Quidnet is pursuing a similar path as Sage Geosystems, another Houston-based firm. In February, Sage Geosystems secured $17 million in equity funding to build a 3-MW geomechanical energy storage system in Texas and is also conducting a separate feasibility study for the US Department of Defense.

One of the biggest challenges Quidnet faces in reaching such numbers involves its ability to maintain an adequate storage volume and pressure within a given geologic formation.

The concern is not so much about fluids leaking off into the matrix but at the fracture tips, which Zhou described as the critical “weak point” within the reservoir. “What we've been spending a lot of time on is to control for that because, at least from what we see in the field, the [fracture] tips themselves are not going to hold back the pressure,” he added.

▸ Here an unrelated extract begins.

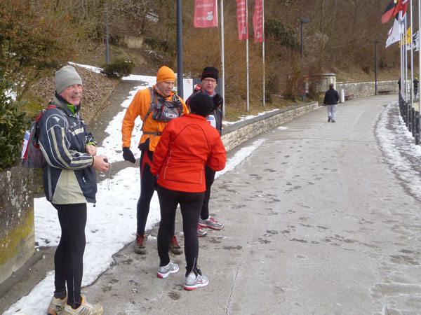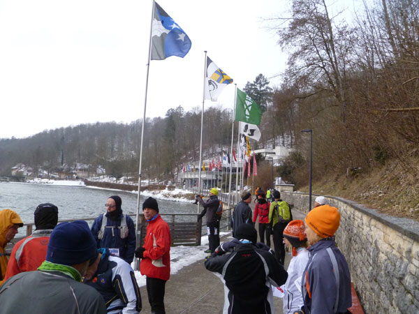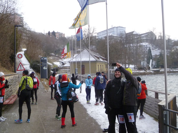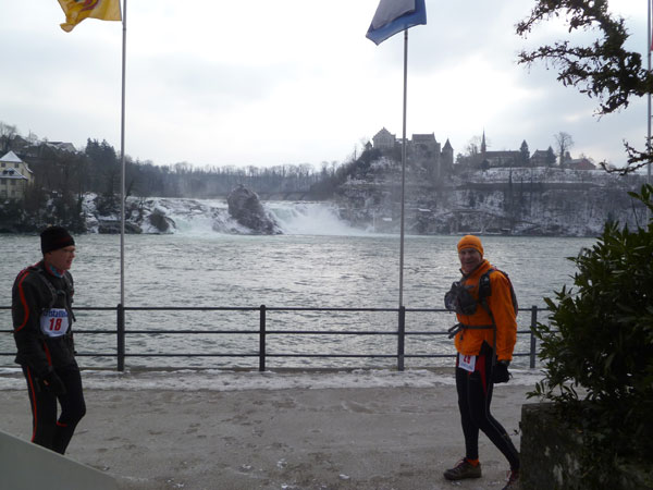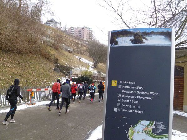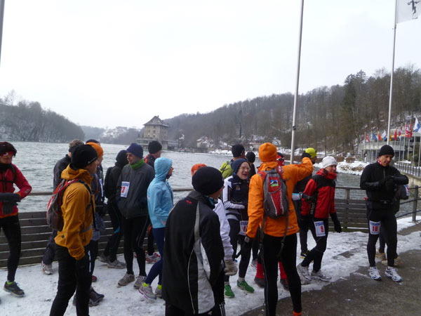 Organisiert wird der Rheinfall Marathon heuer zum zweiten Mal und zwar als Einladungslauf von Daniel Steiner, Stammlesern von marathon4you ja bestens bekannt. Teilnehmen kann man derzeit nur mit einer persönlichen Einladung. Bei der Erstauflage waren 18 Personen dabei, heuer sind schon 28 angemeldet. Einer fällt wegen Krankheit aus und Niels verpennt den Start. So bleiben 26 Laufwillige übrig.

The company’s mitigation efforts are shared in its recent SPE paper which speaks to the testing of a viscous sealing slurry made from a mixture of bentonite and friction reducer. In one case, the slurry reduced leakoff rates by 80%, while more than 85% of the initial post-injection pressure was retained for a 24-hour period, compared to less than 30% in untreated rock.

The deal between Quidnet and HEN is what’s known as a build-and-transfer partnership. Quidnet will design the projects and then hand them off to HEN, which will provide the capital to build and own the storage sites.

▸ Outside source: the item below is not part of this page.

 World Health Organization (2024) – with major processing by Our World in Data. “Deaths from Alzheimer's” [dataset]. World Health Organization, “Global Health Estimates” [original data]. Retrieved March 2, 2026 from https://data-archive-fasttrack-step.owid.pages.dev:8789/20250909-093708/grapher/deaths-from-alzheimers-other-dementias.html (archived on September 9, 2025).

Among the projects they will collaborate on is an agreement with utility CPS Energy which selected Quidnet in 2022 to provide up to 15 MW of storage capacity around San Antonio, Texas.

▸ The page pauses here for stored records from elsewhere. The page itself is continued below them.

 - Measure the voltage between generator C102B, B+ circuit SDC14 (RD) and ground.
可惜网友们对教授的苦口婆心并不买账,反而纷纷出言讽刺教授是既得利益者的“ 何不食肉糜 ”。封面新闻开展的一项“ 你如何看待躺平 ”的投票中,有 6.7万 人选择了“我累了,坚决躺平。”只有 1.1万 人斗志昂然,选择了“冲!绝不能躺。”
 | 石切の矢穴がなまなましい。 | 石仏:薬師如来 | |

Launched in 2018, Dallas-based HEN is part of Hunt Consolidated, the parent company of industry stalwart Hunt Energy, and brings experience in developing energy storage projects. Zhou said this background will be crucial for Quidnet’s commercialization efforts in the power sector, which is defined by nuances and permitting processes that can take years to navigate, even for the most-seasoned firms.

“It’s one thing to get the wells to work but it’s actually another business and another set of competencies entirely to bring those wells online and tie them into the grid,” he said, adding that HEN holds “a lot of latent knowledge that they can teach us.”

As part of the agreement, Todd Benson, chief innovation officer of Hunt Energy, has joined Quidnet's board of directors. Benson previously held an executive role at the drilling contractor Helmerich & Payne following its acquisition of Motive Drilling Technologies in 2017, a software firm he founded and led as CEO.

The new funding from HEN brings Quidnet’s total to $45 million in private capital raised along with $20 million in government contracts.

For Further Reading

SPE 212347 Geomechanical Pumped Storage in Hydraulic Fractures by H. Schmidt, S. Wright, C. Mauroner, H. Lau, B. Hill, and J. Zhou, Quidnet Energy; and A. Bunger, University of Pittsburgh.